- AIM OF THE TASK: Pictures in the data should be dropped; transcribe exactly the lines from the one that has "UKSOL UKS-S108-M10N-435-OPT 435W" through the one that has "[Характеристики продукта] ◇Размер".

- DATA FOR ANALYSIS:
+++

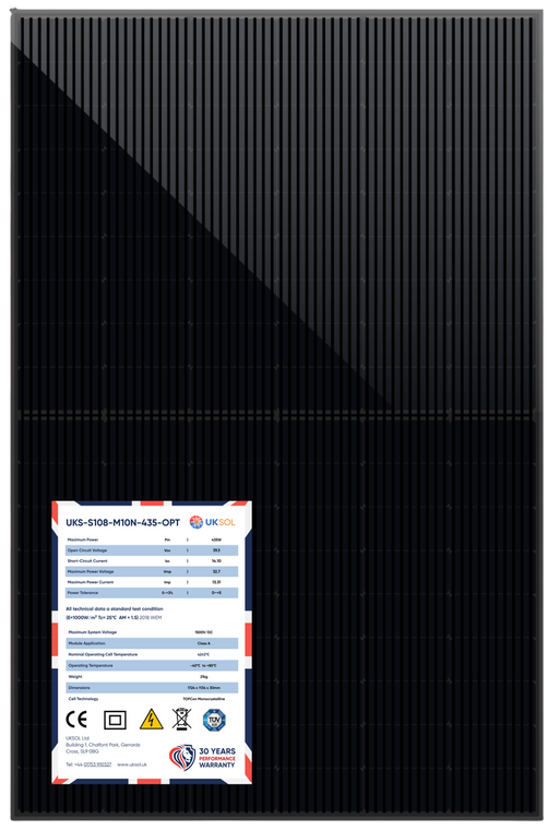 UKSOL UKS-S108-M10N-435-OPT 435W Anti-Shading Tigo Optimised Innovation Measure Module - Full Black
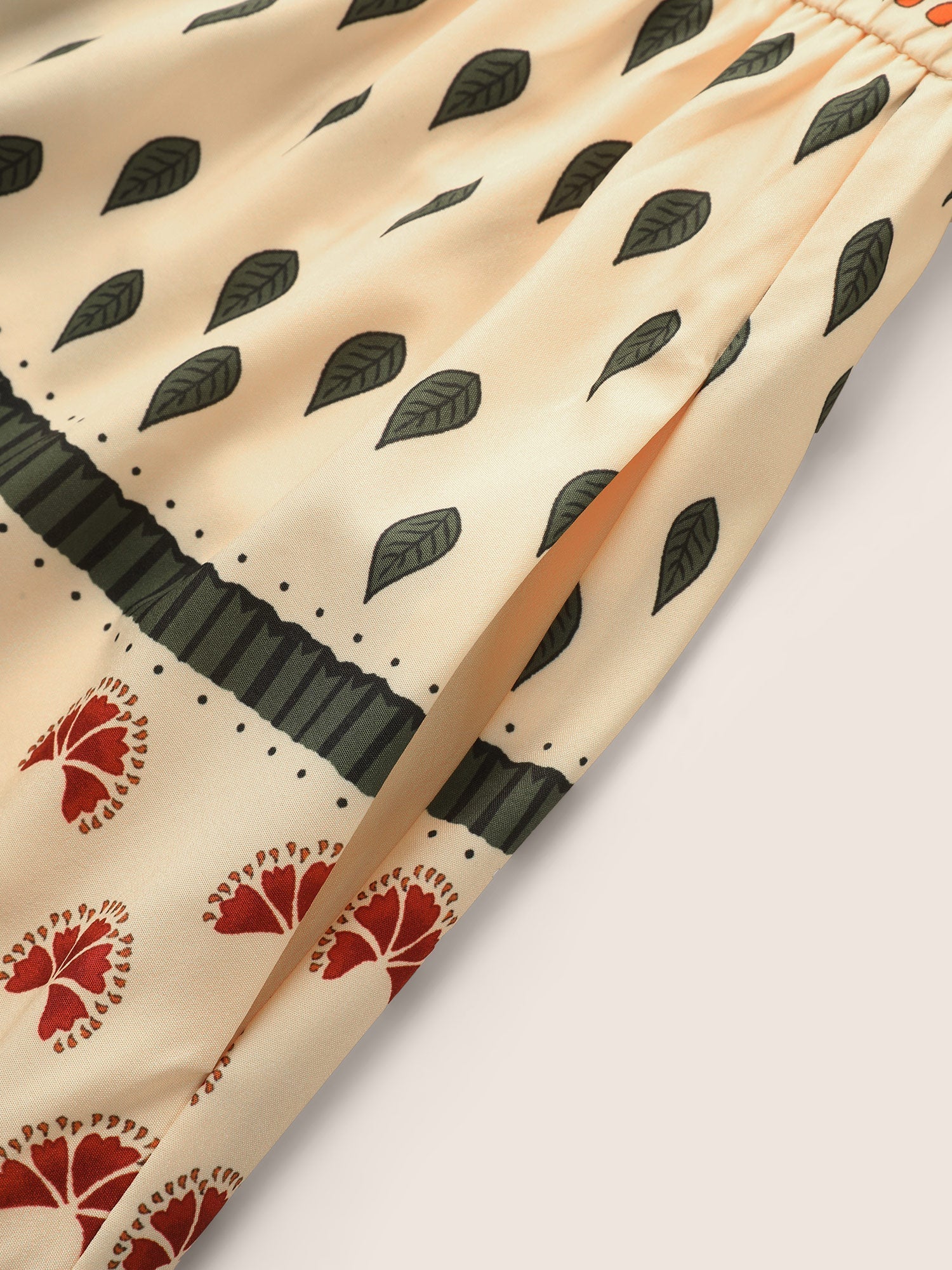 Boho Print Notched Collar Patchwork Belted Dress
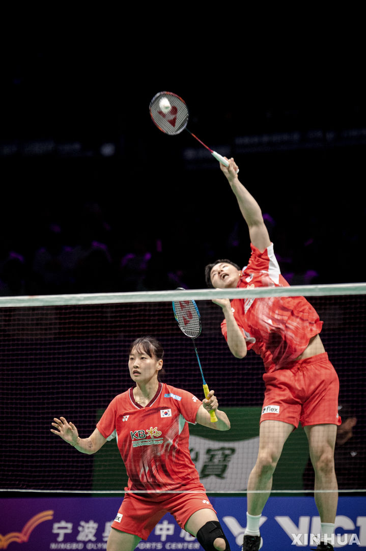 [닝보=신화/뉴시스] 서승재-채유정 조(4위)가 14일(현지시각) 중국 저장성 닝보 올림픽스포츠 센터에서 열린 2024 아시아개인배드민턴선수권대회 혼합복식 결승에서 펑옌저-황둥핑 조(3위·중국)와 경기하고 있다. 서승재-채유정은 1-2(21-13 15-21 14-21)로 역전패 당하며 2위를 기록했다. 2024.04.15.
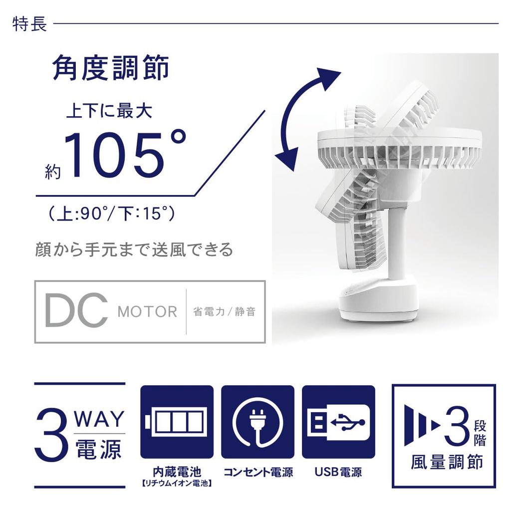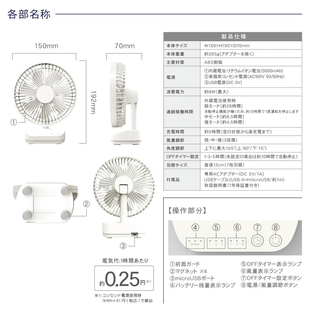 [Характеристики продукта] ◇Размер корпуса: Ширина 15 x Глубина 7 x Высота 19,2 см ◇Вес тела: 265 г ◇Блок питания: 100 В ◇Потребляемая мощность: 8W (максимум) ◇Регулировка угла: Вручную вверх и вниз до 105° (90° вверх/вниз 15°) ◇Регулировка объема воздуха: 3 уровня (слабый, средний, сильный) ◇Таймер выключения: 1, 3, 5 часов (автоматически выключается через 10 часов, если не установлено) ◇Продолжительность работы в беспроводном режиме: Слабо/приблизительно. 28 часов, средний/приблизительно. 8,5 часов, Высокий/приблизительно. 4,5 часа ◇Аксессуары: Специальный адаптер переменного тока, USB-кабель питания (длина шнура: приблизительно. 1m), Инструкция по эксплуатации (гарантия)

+++

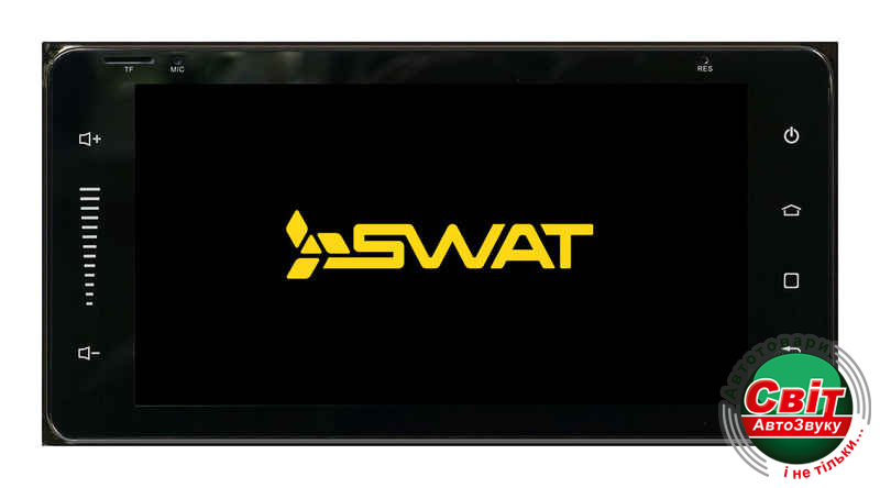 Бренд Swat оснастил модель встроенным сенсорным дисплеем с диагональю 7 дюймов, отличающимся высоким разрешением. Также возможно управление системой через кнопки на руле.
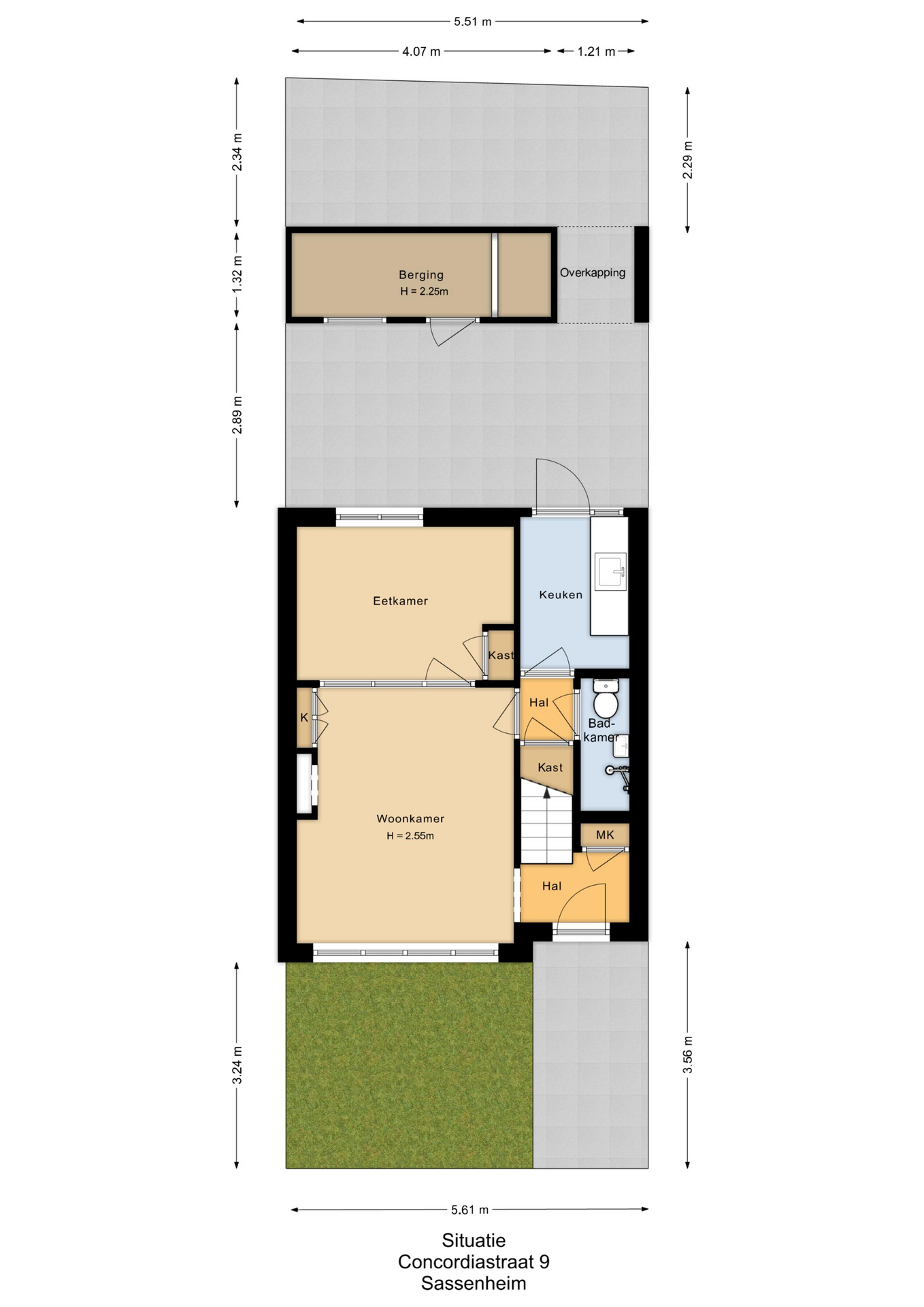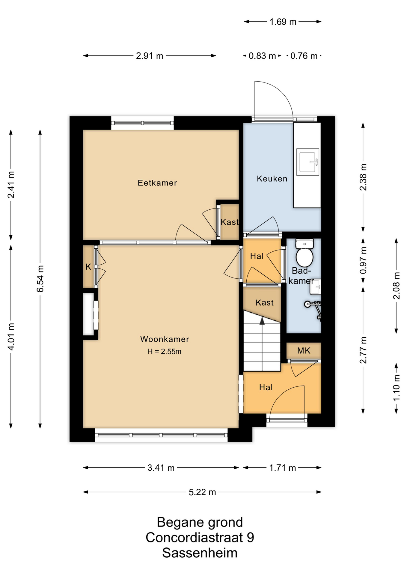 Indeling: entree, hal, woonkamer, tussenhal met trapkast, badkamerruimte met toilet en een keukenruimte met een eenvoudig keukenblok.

+++

- YOUR RESPONSE:
 UKSOL UKS-S108-M10N-435-OPT 435W Anti-Shading Tigo Optimised Innovation Measure Module - Full Black
 Boho Print Notched Collar Patchwork Belted Dress
 [닝보=신화/뉴시스] 서승재-채유정 조(4위)가 14일(현지시각) 중국 저장성 닝보 올림픽스포츠 센터에서 열린 2024 아시아개인배드민턴선수권대회 혼합복식 결승에서 펑옌저-황둥핑 조(3위·중국)와 경기하고 있다. 서승재-채유정은 1-2(21-13 15-21 14-21)로 역전패 당하며 2위를 기록했다. 2024.04.15.
 [Характеристики продукта] ◇Размер корпуса: Ширина 15 x Глубина 7 x Высота 19,2 см ◇Вес тела: 265 г ◇Блок питания: 100 В ◇Потребляемая мощность: 8W (максимум) ◇Регулировка угла: Вручную вверх и вниз до 105° (90° вверх/вниз 15°) ◇Регулировка объема воздуха: 3 уровня (слабый, средний, сильный) ◇Таймер выключения: 1, 3, 5 часов (автоматически выключается через 10 часов, если не установлено) ◇Продолжительность работы в беспроводном режиме: Слабо/приблизительно. 28 часов, средний/приблизительно. 8,5 часов, Высокий/приблизительно. 4,5 часа ◇Аксессуары: Специальный адаптер переменного тока, USB-кабель питания (длина шнура: приблизительно. 1m), Инструкция по эксплуатации (гарантия)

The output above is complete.